One is that "Karašica" comes from kara šuv, proposed to mean "black water" in some unattested Turkic language which was spoken in Croatia in the Early Middle Ages (from Proto-Turkic *"kara sub", *kara meaning "black" and *sub meaning "water"). That etymology is supported by the Hungarian etymologist Melich Janos. Melich Janos' main argument is that Karašica was sometimes called Feketeviz in medieval sources, which means "black water" in Hungarian. In other words, Melich Janos supposes the medieval Hungarian name Feketeviz to have been a calque. This etymology is also advocated by the Croatian linguist Petar Skok, though he reconstructs the Turkic word as Karasu and not kara šuv. Petar Skok supposes the change from 's' to 'š' to have occurred because the Slavic suffix was not the common suffix -ica, but the less common Slavic suffix -jica, and that the change from 's' to 'š' is due to a yod-coalescence occurring within Slavic (rather than a change in Turkic, like Melich Janos supposes). Critics of that etymology say that supposing that the language in question was Turkic is arbitrary, as similar words for the color black occur in many other ancient languages, including Proto-Mongolic *kara and Proto-Indo-European *krsnos.

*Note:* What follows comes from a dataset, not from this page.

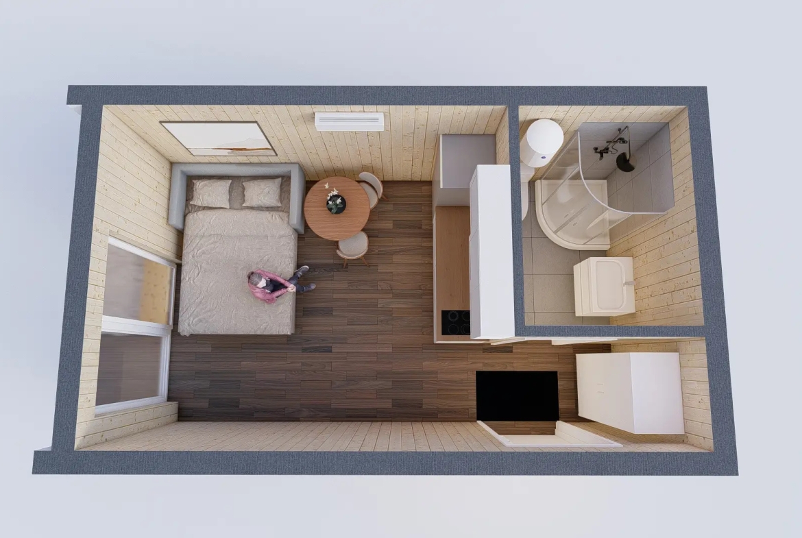 MOD Tiny 21 er et ferdighus bygget av ModHouse, en produsent av ferdighus med base i Litauen. Dette ferdighuset har et boareal på 18 m², med plass til 2 personer.

The second proposed etymology is that "Karašica" comes from the Latin fish name "carassius" (a name of several species of freshwater fish), perhaps being a relatively recent borrowing into Croatian. That etymology is advocated by the Croatian linguist Dubravka Ivšić and also by the Hungarian linguist Pál Hunfalvy (as cited in the Melich Janos'es paper). Melich Janos'es main argument against that etymology is that the earliest attestations of the river name Karašica (such as Karassou from the 13th century) do not have a Slavic suffix.

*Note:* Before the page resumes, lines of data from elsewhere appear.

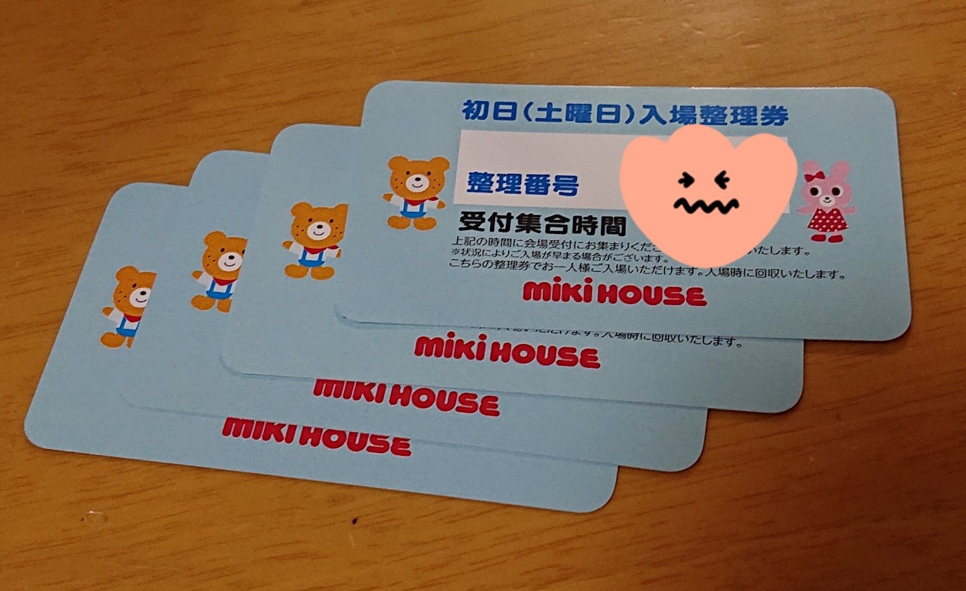 7/11(土)、ミキハウスランド大阪に行きました😄 今回は従来とは異なりステージショーなどイベントはなし。 混雑時は整理券対応。 会場はこれまで大阪城ホール→今回インテックス大阪に。 といったことが変更点でしたね。 子供達の預け先もないので、行くかどうか、行ってもゆるく…と思っていたのですが💦 まず、今回の大きなポイントとして。 我が家は城ホより、インテックスの方が家から圧倒的に近いんです!! 車だと8分くらい!?(ちなみに城ホは車でも20分はかかる) 前日の7/10(金)17:00に抽選配布する、7/11(土)の初回入場分の整理券。 夕方のバタバタする時間帯に、果たして貰いに行けるのか… どうしたものかと思っていたら、当日お昼に夫から連絡があり夕方の整理券一緒に貰いに行こう! 明日(当日)も予定調整したから子供達見とくよ! とのこと✨✨ なんとーーー! ありがたやー😭 ありがとう!大好き♥️と、伝えておきました(笑) 並んでいる間は、夫と子供達は少し離れたところで待っていて貰いました。 17時に並んでいる方で、抽選という形で中身が隠されている整理券を箱から一つずつ取っていきます。 いざ! お?!おお?? これ、結構いいんじゃない?! 1組あたり4枚まとめて配布されるんです。 (つまり1グループの同行人数は最大4名) 1組目→番号1~4 2組目→番号5~8 といった具合です。 ということは、これは9組目?! え?本当に?! 9組目の入場なんて、従来方式なら徹夜で並ばないとキープできないポジションですよね…。 ここで一気にやる気スイッチが入る母(笑) あれ?9:00集合? 10:00オープンだと思ってたよ! 9時て早っ!いや、いい。 何より近いし、頑張れる。行ける時間だ。 🌃→🌅 俄然やる気に満ち溢れた翌朝☀️ 9:00に集合して受付をして。 30分前倒しで、9:30に開場しますとのアナウンスが。 整理券1の番号の方から順に入場していきます。 やっぱり、かなり早い段階で入場させて頂けました😄 今回のお目当ては、今季秋冬物。 姉妹ズの80と100の秋冬物は必須!! あと90は長女なら今すぐ着られるし、来年なら次女がいけるので良さそうなのがあれば。 大きいサイズからなくなるのは分かっていたので、入ってすぐ100のB級品ワゴンへまっしぐら! その後、80と100のワゴンを10往復以上しながら、90のワゴンもチラ見して。 そしてサンプル品のワゴンと、絵本コーナーも回って、会計を済まして会場を後にしたときは12:00でした。 2時間半の滞在です。 時間が無限にあるなら一日中いられますが(笑)、子供達を託している手前、午前中で切り上げることにしました。 それでは、戦利品の公開です! 今回購入したものは、オールB級品です。 多いので、小分けにします。 以下、番号順に、ブランド、サイズ、定価(税込)→購入額(税込)、と記載していきます。 1.ダブルB サイズなし 3850円→1320円 (バスタオル) 2.ダブルB 80 6050円→2200円 3.ダブルB 100 6380円→2750円 4.ミキハウス 80 7150円→2750円 5.ミキハウス 100 7480円→3300円 6.ミキハウス 100 13200円→6600円 7.ミキハウス 80 9350円→3300円 8.ホットビ 80 2090円→770円 9.ホットビ 100 3520円→1650円 10.ホットビ 80 3190円→1100円 11.ホットビ 80 2530円→990円 12.ホットビ 90 2090円→990円 13.エブミキ 80 3850円→1100円 14.ホットビ 80(肌着) 1980円→770円 ↑11はタグの定価のところがちぎられていて、定価不明。 残ったタグの余白に手書きで「¥2300」と書かれていたので、これを税抜き定価とみなし、税込2530円と判断しました。 それから絵本もあります。 15.おしゃれセット 3850円→700円 16.わたしのきせかえセット 1650円→500円 17.ゆうえんち 1870円→700円 18.はじめてのドレミ 1738円→700円 19.メロディうさぎちゃん 1650円→300円 以上19点、合計税込32490円から500円引きクーポン使用で、 31990円のお支払でした。 当初の予算が3万円程度だったので、予算内ですね!!(←え) どれも凄く嬉しかったんですが、一番嬉しかったのはダブルBのサスペンダープリントのロンTを姉妹お揃いで買えたこと。 めっちゃ可愛いですよねー♥️ 眺めているだけで幸せです(^_^) 2と3、4と5は姉妹お揃いです。 6、8、9は、姉妹の今回買えなかった方のサイズを楽天などで手配中のため、お揃いになる予定です。 あとは、やや80の次女サイズ多めですが、長女は土日しか私服着ないし、10~13の服はほぼ1000円程度のものばかりなので、買いすぎたとは思っていません(笑)😄 当初は行くかどうかすら悩んでいたのに、気がつけば両手いっぱいの荷物で帰宅🏘️ 今回は整理券の番号がラッキーだったのと、夫に協力して貰って一人参加出来たのが大きかったです✨ もう2日経ちましたが、まだ購入したお洋服を広げて一人ニヤニヤしてます(笑) 秋になったら着せるのが楽しみですね😍 1. 【セール30%OFF】【メール便OK】【DOUBLE B ダブルビー】トロピカル柄♪キッズビーチタオル【ミキハウス 水着】 2.3. 【ポイント10倍】【ミキハウス】【SALE】【ダブルB】蝶ネクタイ&サスペンダープリントの長袖Tシャツ6100【3980円以上で送料無料(国内)】 4.5. [mikihouse][ミキハウス]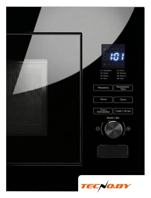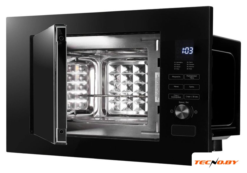 встраиваемая, микроволны и гриль, объем 25 л, выходная мощность микроволн 900 Вт, управление электронное, автоприготовление, авторазмораживание, цвет черный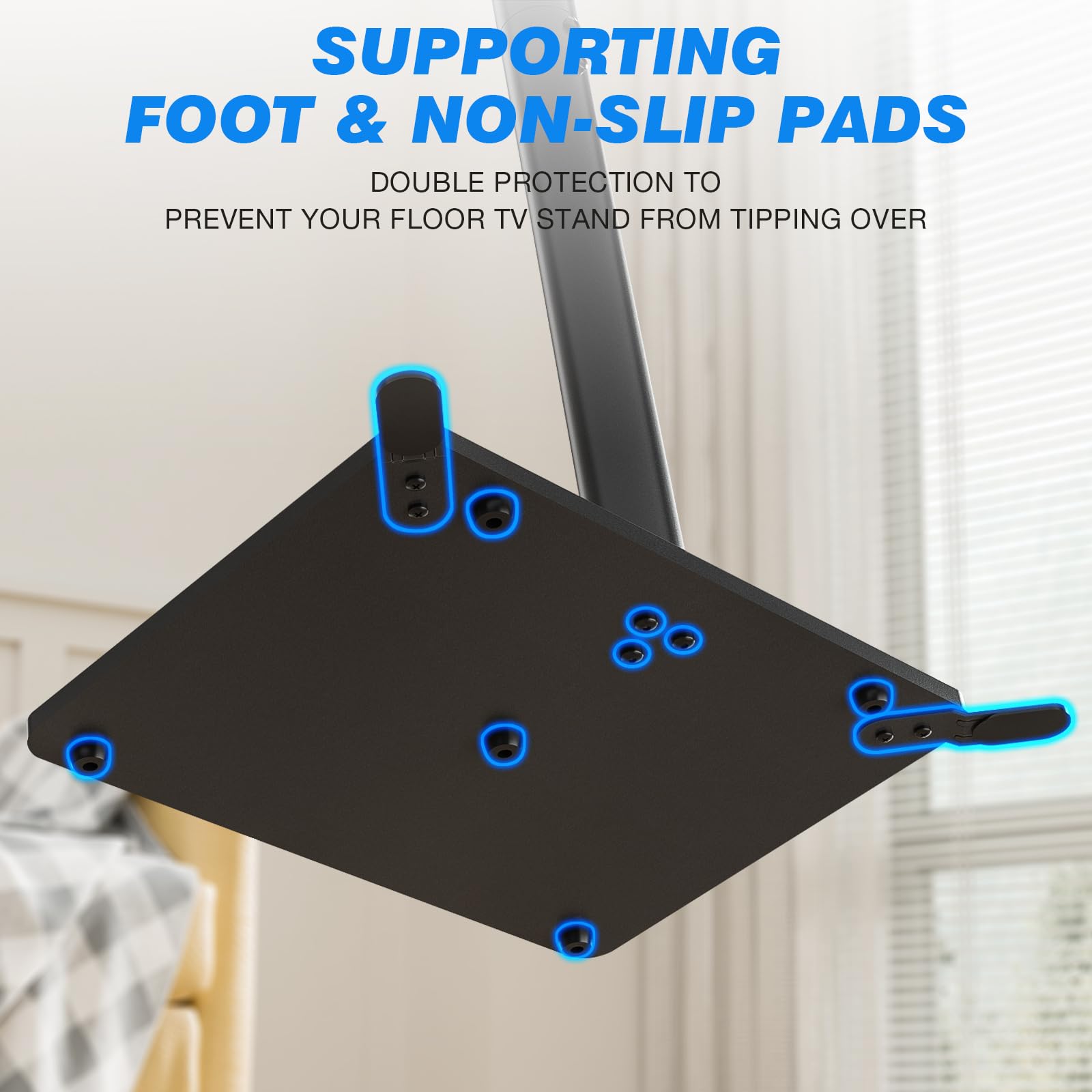 - 70°-SWIVEL - DELIVERS OPTIMAL VIEWING ANGLES: Our floor-standing TV stand rotates 35° left or right (70° total range), minimizing screen glare. Ensure an optimal viewing experience whether in your bedroom, living room, or even kitchen and patio. Immerse yourself in entertainment from any corner of your space.

A third possible etymology, sometimes cited in (mostly non-linguistic) literature and supported by a computer engineer called Teo Samaržija in his 2022 paper, is that "Karašica" comes from an Illyrian name *Kurr-urr-issia (flow - water - suffix), borrowed into Proto-Slavic as *Kъrъrьsьja, changing to *Karrasja after the Havlík's law, then to *Karaša after the yod-coalescence and the loss of geminate consonants in Croatian, to which the Slavic suffix -ica was later added. The main argument for there being a verb root *kurr in Illyrian meaning "to flow" is that similar river names (starting with the consonants 'k' and 'r') occur all across Croatia, and this correlation would be improbable without an etymological connection. Teo Samaržija attempted to make this etymology more mainstream by supporting it with information theory statistical calculations (that the probability of that k-r pattern in the Croatian river names occurring by chance is somewhere between 1/300 and 1/17) and by noting that there is a verb kuriti meaning "to flow" in the Silba dialect of Croatian (as in the phrase "vrime kuri" meaning "time flows"), which could plausibly be a loanword from Illyrian *kurr. Teo Samaržija's statistical methodology has been disputed, primarily for making unrealistic linguistic assumptions (not taking into account the Sonority Sequencing Principle), and his interpretation of the dialectal Croatian word kuriti has been called into question as he did not conclusively disprove that kuriti comes via a Romance language from Latin currere (to run).